- Directed by: Catherine Corsini
- Written by: Catherine Corsini Gaelle Mace
- Produced by: Stéphane Parthenay Michel Seydoux Fabienne Vonier
- Starring: Sergi López Kristin Scott Thomas Yvan Attal
- Cinematography: Agnès Godard
- Edited by: Simon Jacquet
- Distributed by: Pyramide Distribution
- Release date: 12 August 2009 (France);
- Running time: 85 minutes
- Country: France
- Language: French

= Leaving (2009 film) =

Leaving (Partir) is a 2009 French film directed by Catherine Corsini, written by Corsini and Gaeelle Mace, and starring Sergi López, Kristin Scott Thomas and Yvan Attal.

== Plot ==
Suzanne (Kristin Scott Thomas), is a well-to-do married woman and mother of two in the south of France. Her idle bourgeois lifestyle begins to depress her, and she decides to go back to work as a physiotherapist. Her husband, Samuel (Yvan Attal), agrees to fix up a treatment room for her in their back yard. When Suzanne meets Ivan (Sergi López), a Spanish ex-con hired to do the building, their mutual attraction is sudden and violent.

After multiple trysts with Ivan, Suzanne confesses the affair to her husband and promises to give it up, but finds she cannot. She finally decides to give up everything and live to the fullest her all-engulfing passion for Ivan, but her husband will not let go of her and her daughter rejects her, although her son stays connected to her. The new couple soon faces severe financial problems, some of them caused by Samuel: when Suzanne's credit card is rejected, she is forced to sell her Cartier watch at a gas station. In their extreme need, Suzanne and Ivan rob Samuel's house of its paintings and valuables but Ivan is arrested when he fences the stolen goods for them. Suzanne tries to convince her husband that she was solely responsible for the burglary, and that she only took what was hers. She offers to do anything to keep Ivan out of jail, and her husband tells her that, if she comes home, Ivan will be free. At this dilemma, she faints.

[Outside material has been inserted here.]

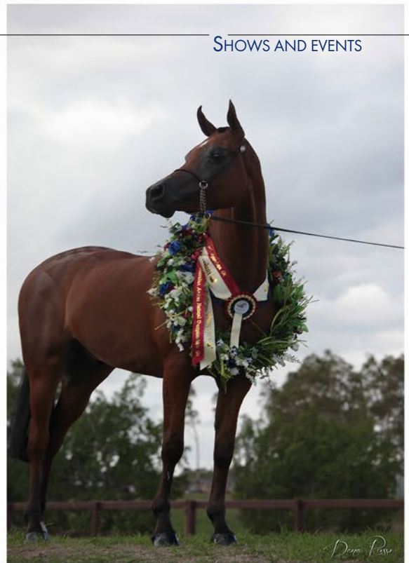
Purebred Arabian Senior Gelding - GOLD CHAMPION - Georgio KA - Krishlah Arabians & Future Farms

Back in their home, Suzanne is distant with her family, yet tolerant of her husband's sexual advances. Soon, though, she takes a rifle and shells from a closet and kills Samuel as he sleeps. After driving through the night, she is eventually reunited with Ivan at the ruined house in the hills they had once dreamt of restoring. They embrace and she sobs hysterically. In the distance, a police siren can be heard.

== Cast ==
- Kristin Scott Thomas as Suzanne
- Sergi López as Ivan
- Yvan Attal as Samuel
- Bernard Blancan as Rémi
- Aladin Reibel as Dubreuil
- Alexandre Vidal as David
- Daisy Broom as Marion
- Berta Esquirol as Berta
- Gérard Lartigau as Lagache
- Philippe Laudenbach as Samuel's father
- Geneviève Casile as Samuel's mother
- Michèle Ernou as Madame Aubouy

==Production==
Filming took place in Nîmes.

==Reception==
The film has been moderately well received by critics, and currently holds a rating of 69% on Rotten Tomatoes.